Education Gender Student
"integer" "factor" "factor"
Married Ethnicity Debt
"factor" "factor" "integer"
Sample data:
> dput(head(Debt))
c(NA_real_, NA_real_, NA_real_, NA_real_, NA_real_, NA_real_)
I've been working with the creditcard dataframe for 3 months now, and haven't had this problem until recently, as Debt mysteriously started behaving like a data.frame object instead of numeric. Any ideas how I might get my old numeric Debt back with all 400 observations? Thanks in advance.
The cor
function can take different inputs. If you provide it a matrix or data.frame as single argument, it will give you a correlation matrix for all variables, however all variables then have to be numeric.
To get all correlations of numerical variables of the creditcard
data.frame you could do cor(creditcard[,sapply(credicard, is.numeric)])
.
Otherwise you can get the correlation between single columns of your data.frame by giving it two arguments, either as cor(creditcard$Debt, creditcard$Limit)

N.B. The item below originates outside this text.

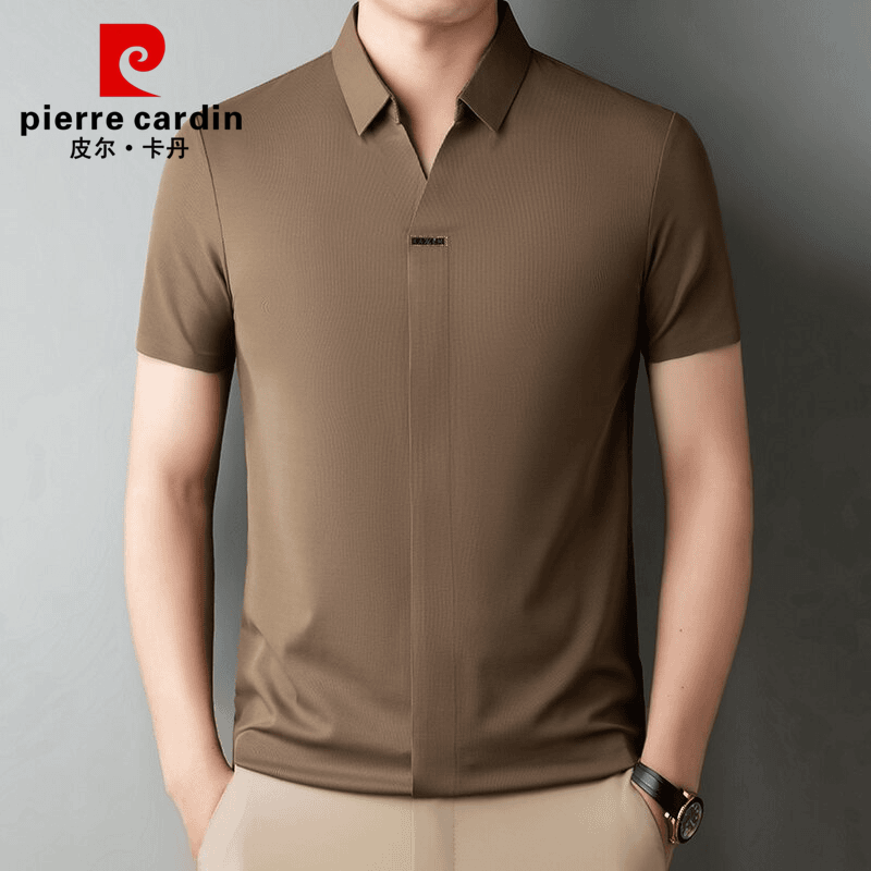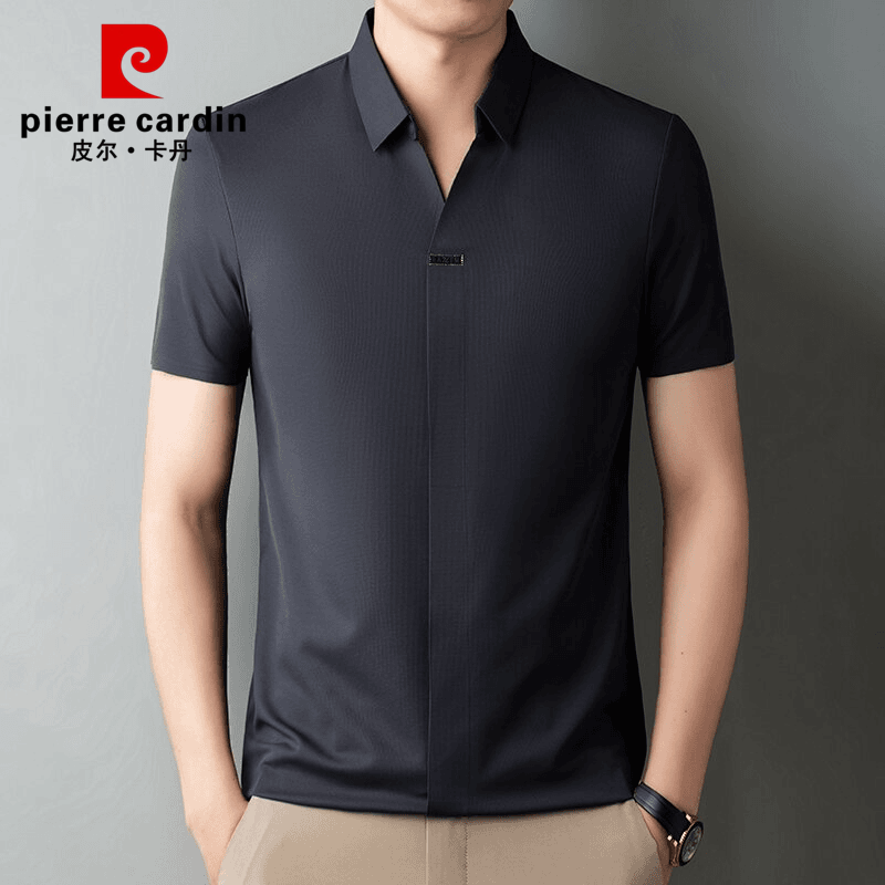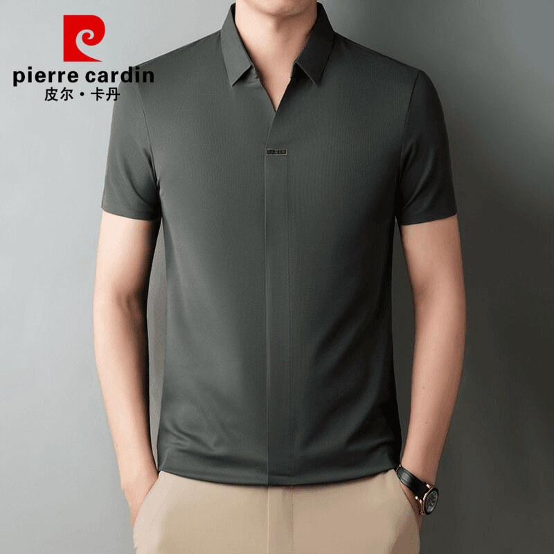皮尔卡丹高档男士桑蚕丝短袖T恤夏季薄款无痕冰丝速干翻领polo衫

or as with(creditcard, cor(Debt, Limit))
.
The errors you are currently getting come from the fact that the variables you are calling are either inaccessible or the wrong type. If you call cor(A, B)
, both A and B have to be in your current environment. If A and B are columns of a data.frame, they are not directly accessible, so you can either expose the columns of the data.frame using with(creditcard, ...)
as shown above, or directly access the columns within the data.frame (creditcard$A
or creditcard[,"A"]
or creditcard[["A"]]
).